Finally, the tutorial concludes by teaching you Cmdlet parameters and aliases. You will also learn the command completion capability of PowerShell.
What Is PowerShell?
Wikipedia defines Windows PowerShell as “a task automation and configuration management framework”. Microsoft defines it as “a new Windows command-line shell designed especially for system administrators”.
I define Windows PowerShell as a command-line and scripting tool built for Windows Systems Administrators for the purpose of Windows task automation.
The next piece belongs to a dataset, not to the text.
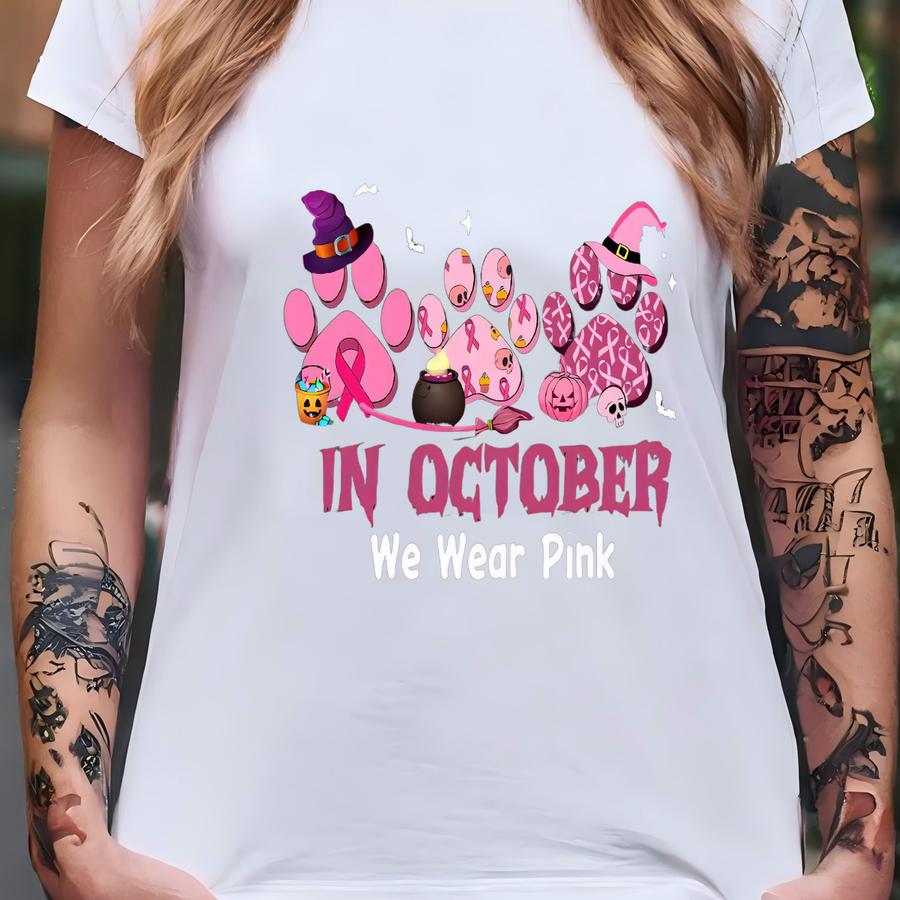 In October We Wear Pink Dog Paws Shirt,halloween Breast Cancer Shirt,breast Cancer Awareness Shirt,pink Ribbon Tee,breast Cancer Support Ift T-shirt

For a newbie reading this, one way to easily introduce PowerShell is to relate it to the Windows command prompt. However, relating PowerShell to the legacy CMD undermines PowerShell – but it is the easiest way to introduce this tool to you.
How To Open Windows PowerShell
Now that you know what PowerShell is, the next logical part of this tutorial is to show you how to open PowerShell. To open Windows PowerShell, use one of the methods below:
- Search powershell. Then, from the search results, click Windows PowerShell.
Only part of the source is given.